[RECORDS SUPPLIED — start]
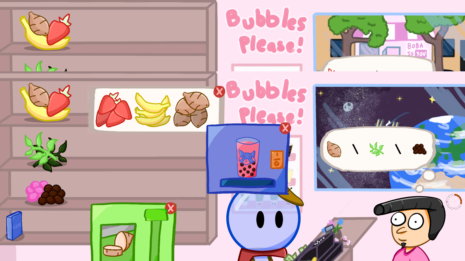 Bubbles, Please ! is a Unity 2D game inspired by the likes of Papers, Please ! where the player has to manage a bubble tea shop. Mix, cut, meld and transform your ingredients in delicious bubble teas for your diverse clientele !
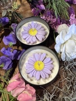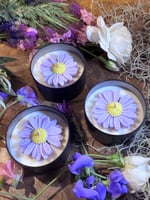 Our daisy flower scented candles are hand poured by me. Made with phthalate and parabens-free fragrance oils and a clean burning cotton wick inside a a matte black tin. 20+ hour burn.
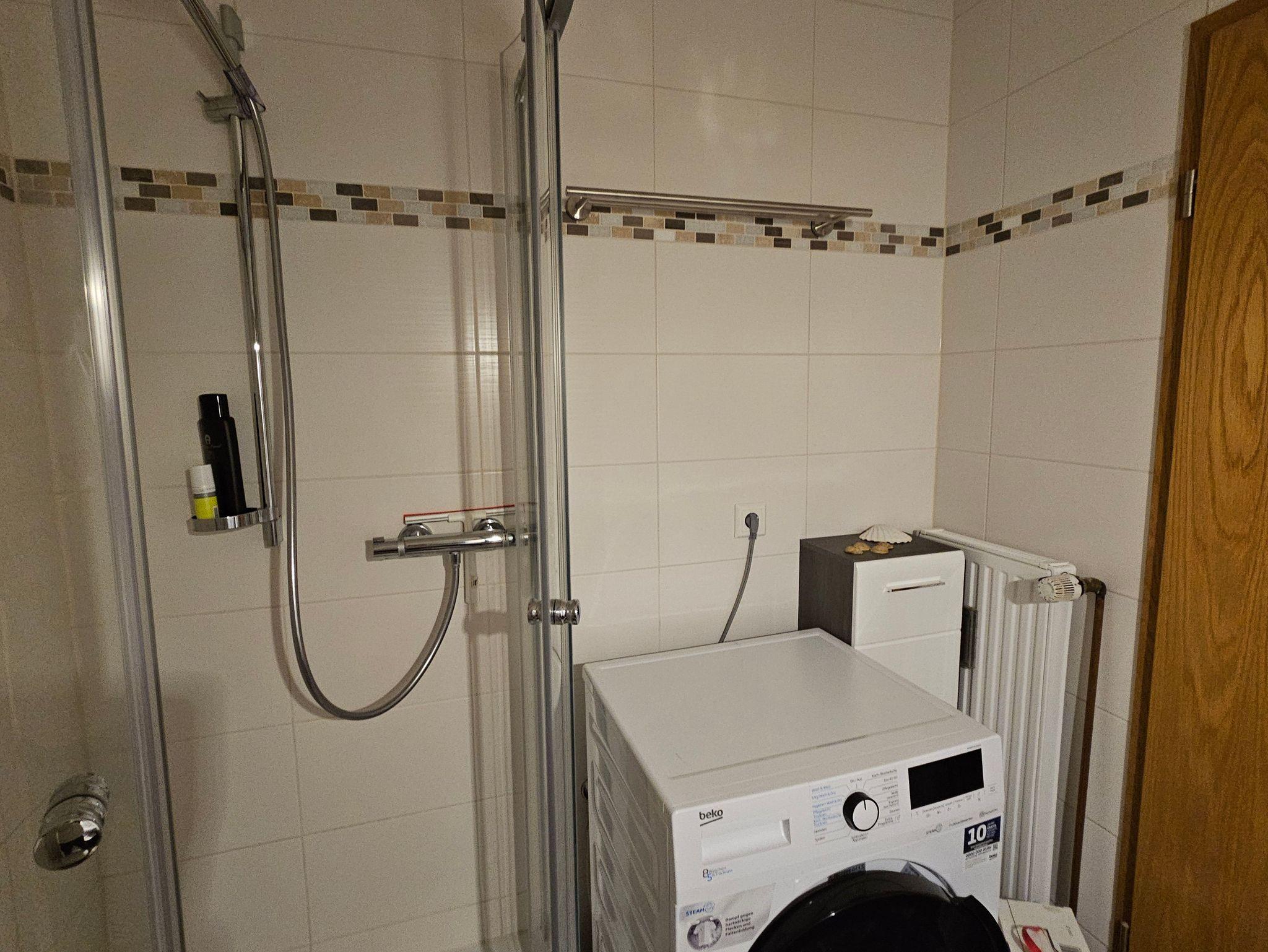 modernes Bad mit Waschtrockner stehen für Sie bereit.
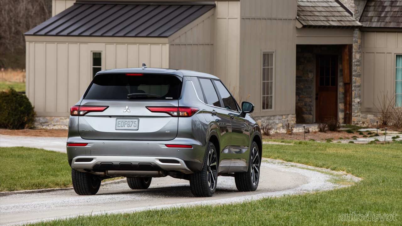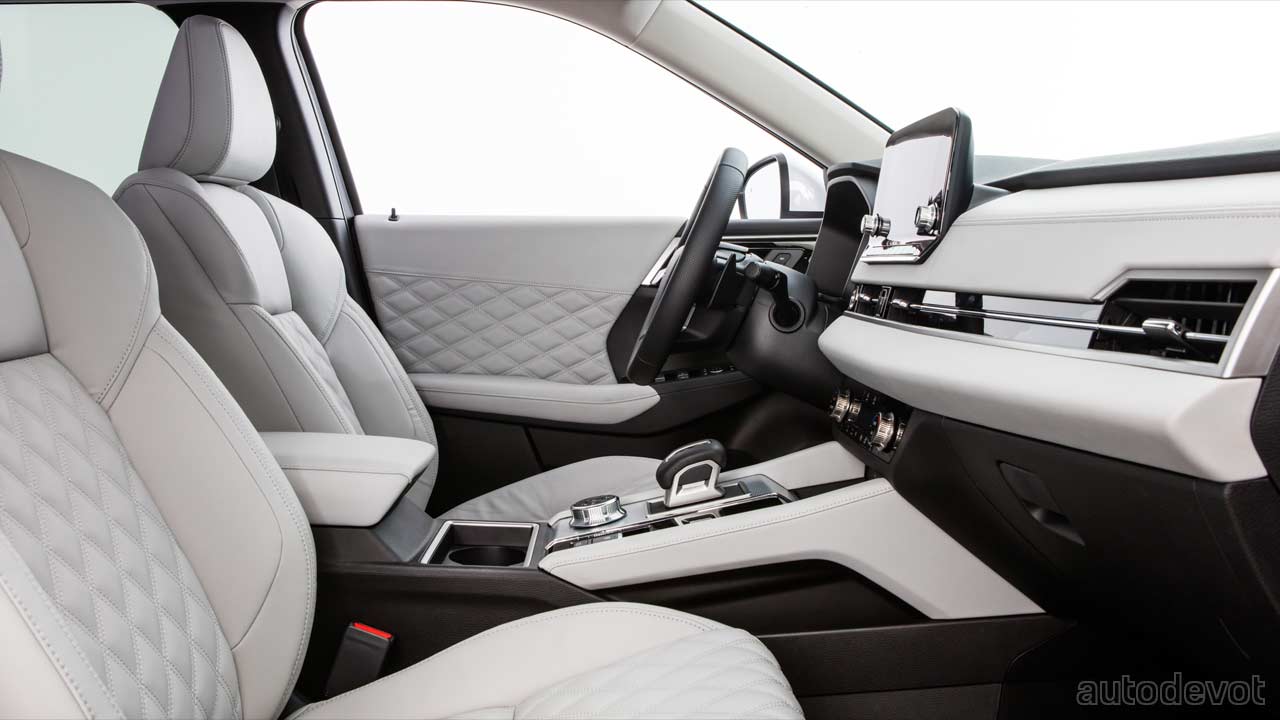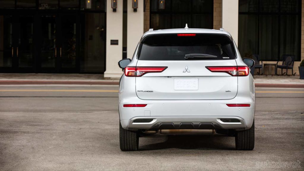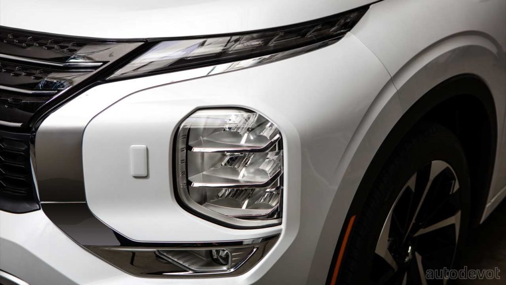 Exterior equipment includes LED headlights with three vertically arranged lights (two low beams at the top and a high beam at the bottom), front fog lights, 20-inch wheels, LED taillight signature, and a panoramic sunroof. For the U.S. market, the Outlander offers a total of 8 exterior colors: Red Diamond, White Diamond, Black Diamond, Sterling Silver, Titanium Gray, Black, Cosmic Blue and Deep Bronze.
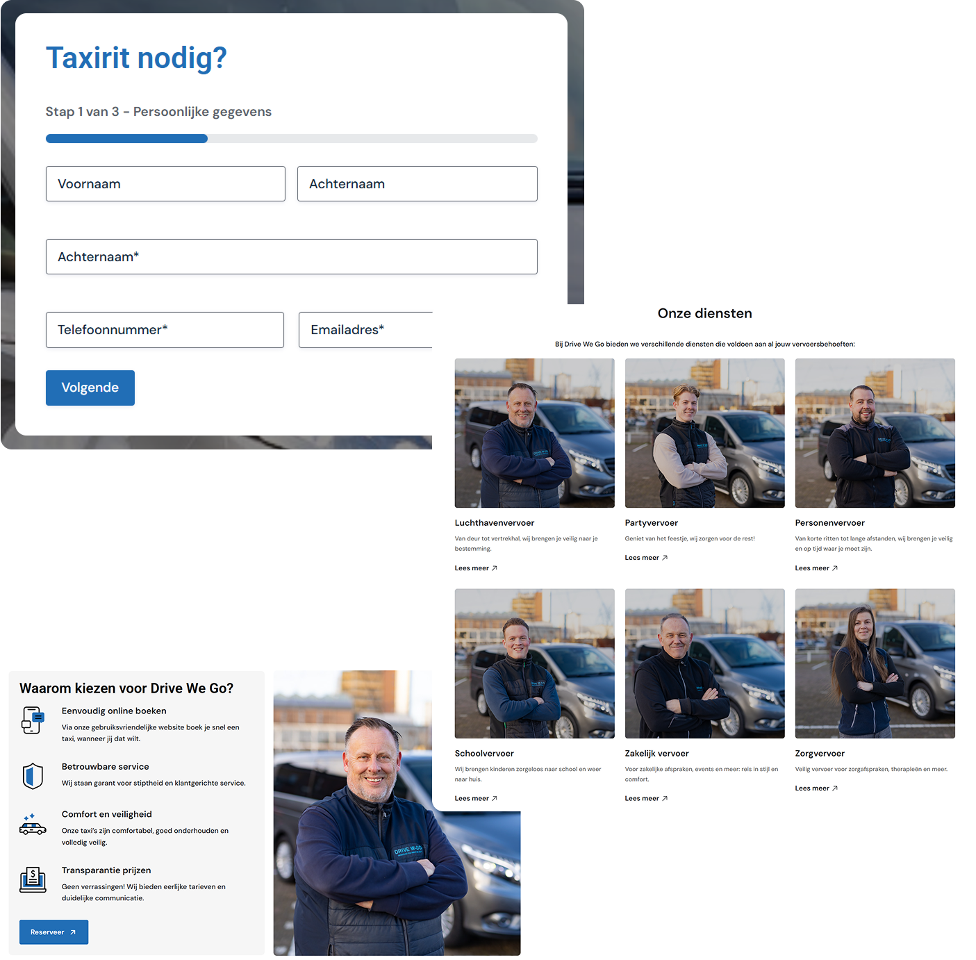 Er is gekozen voor een fris en modern ontwerp dat perfect aansluit bij de uitstraling van Drive We Go, inclusief nieuwe iconen, passende kleuraccenten en professioneel beeldmateriaal.
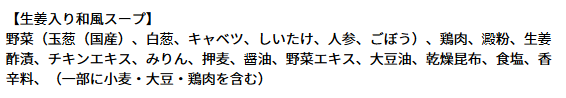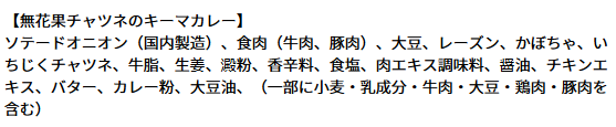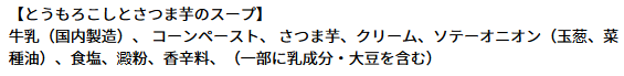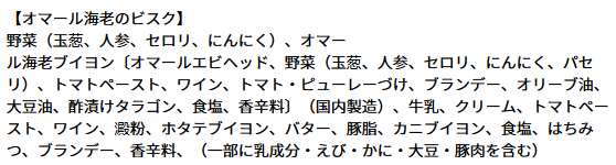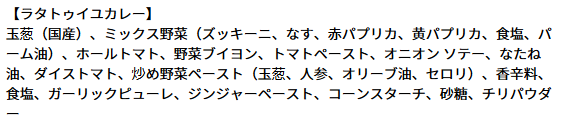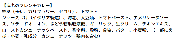 | アレルゲン情報 | ▪オマール→乳成分・えび・かに・大豆・豚肉 ▪とうもろこしとさつま芋のスープ→乳成分・大豆 ▪生姜入り和風スープ→小麦・大豆・鶏肉 ▪ラタトゥイユカレー→なし ▪海老のフレンチカレー→乳成分・小麦・えび・カシューナッツ・鶏肉 ▪無花果チャツネのキーマカレー→乳成分・小麦・牛肉・大豆・鶏肉・豚肉 |
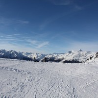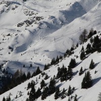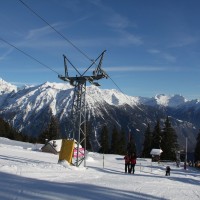 Mit ein wenig Laufen erreicht man einen Punkt auf dem Grat, von dem aus das Skigebiet von Carì sichtbar wird: Hier der Schlepplift Pro da Lei und die parallele Sesselbahn, Dezember 2010
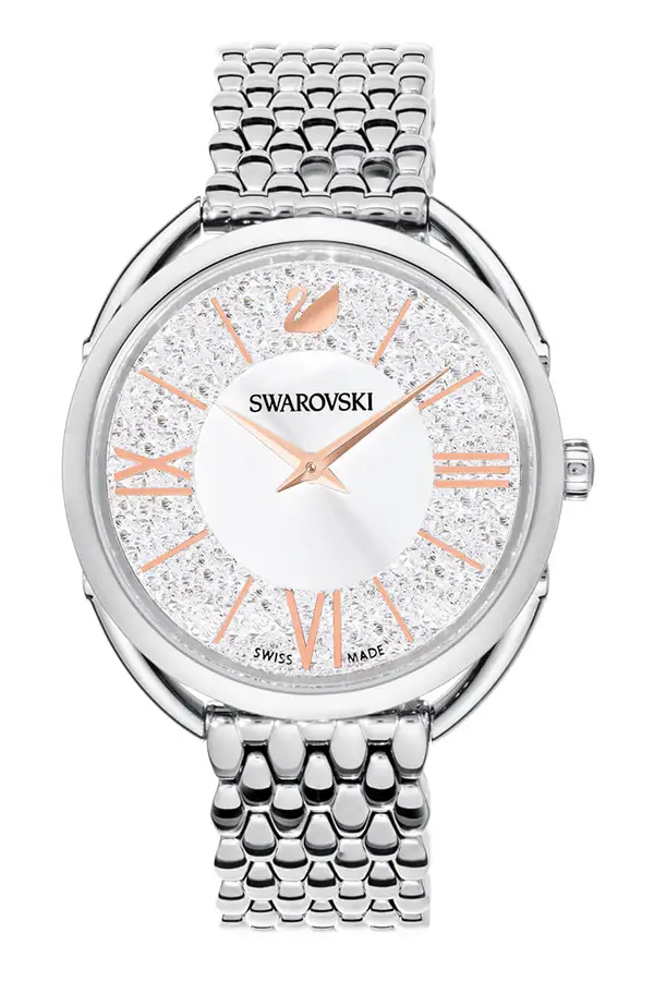 Crystalline Glam 系列女装腕表犹如冬日女王的魔法,将给您留下深刻印象。雪白的表盘上装饰着 800 多颗细小的施华洛世奇水晶。罗马数字刻度与指针一样,均为玫瑰金镀金。腕表配有精致的不锈钢表带。
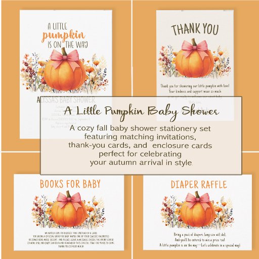 Celebrate your fall baby shower with these adorable “A Little Pumpkin Is on the Way” paper plates. Featuring a sweet watercolor pumpkin topped with a pink bow and surrounded by warm autumn florals, these personalised plates add a festive seasonal touch to your table setting. Perfect for a baby girl shower, they coordinate beautifully with the full Little Pumpkin party collection for a cosy, charming celebration.
[RECORDS SUPPLIED — finish]
GOAL OF THE EXERCISE: Using the records above, output an exact copy without any pictures.

ANSWER:
 Bubbles, Please ! is a Unity 2D game inspired by the likes of Papers, Please ! where the player has to manage a bubble tea shop. Mix, cut, meld and transform your ingredients in delicious bubble teas for your diverse clientele !
 Our daisy flower scented candles are hand poured by me. Made with phthalate and parabens-free fragrance oils and a clean burning cotton wick inside a a matte black tin. 20+ hour burn.
 modernes Bad mit Waschtrockner stehen für Sie bereit.
 Exterior equipment includes LED headlights with three vertically arranged lights (two low beams at the top and a high beam at the bottom), front fog lights, 20-inch wheels, LED taillight signature, and a panoramic sunroof. For the U.S. market, the Outlander offers a total of 8 exterior colors: Red Diamond, White Diamond, Black Diamond, Sterling Silver, Titanium Gray, Black, Cosmic Blue and Deep Bronze.
 Er is gekozen voor een fris en modern ontwerp dat perfect aansluit bij de uitstraling van Drive We Go, inclusief nieuwe iconen, passende kleuraccenten en professioneel beeldmateriaal.
 | アレルゲン情報 | ▪オマール→乳成分・えび・かに・大豆・豚肉 ▪とうもろこしとさつま芋のスープ→乳成分・大豆 ▪生姜入り和風スープ→小麦・大豆・鶏肉 ▪ラタトゥイユカレー→なし ▪海老のフレンチカレー→乳成分・小麦・えび・カシューナッツ・鶏肉 ▪無花果チャツネのキーマカレー→乳成分・小麦・牛肉・大豆・鶏肉・豚肉 |
 Mit ein wenig Laufen erreicht man einen Punkt auf dem Grat, von dem aus das Skigebiet von Carì sichtbar wird: Hier der Schlepplift Pro da Lei und die parallele Sesselbahn, Dezember 2010
 Crystalline Glam 系列女装腕表犹如冬日女王的魔法,将给您留下深刻印象。雪白的表盘上装饰着 800 多颗细小的施华洛世奇水晶。罗马数字刻度与指针一样,均为玫瑰金镀金。腕表配有精致的不锈钢表带。
 Celebrate your fall baby shower with these adorable “A Little Pumpkin Is on the Way” paper plates. Featuring a sweet watercolor pumpkin topped with a pink bow and surrounded by warm autumn florals, these personalised plates add a festive seasonal touch to your table setting. Perfect for a baby girl shower, they coordinate beautifully with the full Little Pumpkin party collection for a cosy, charming celebration.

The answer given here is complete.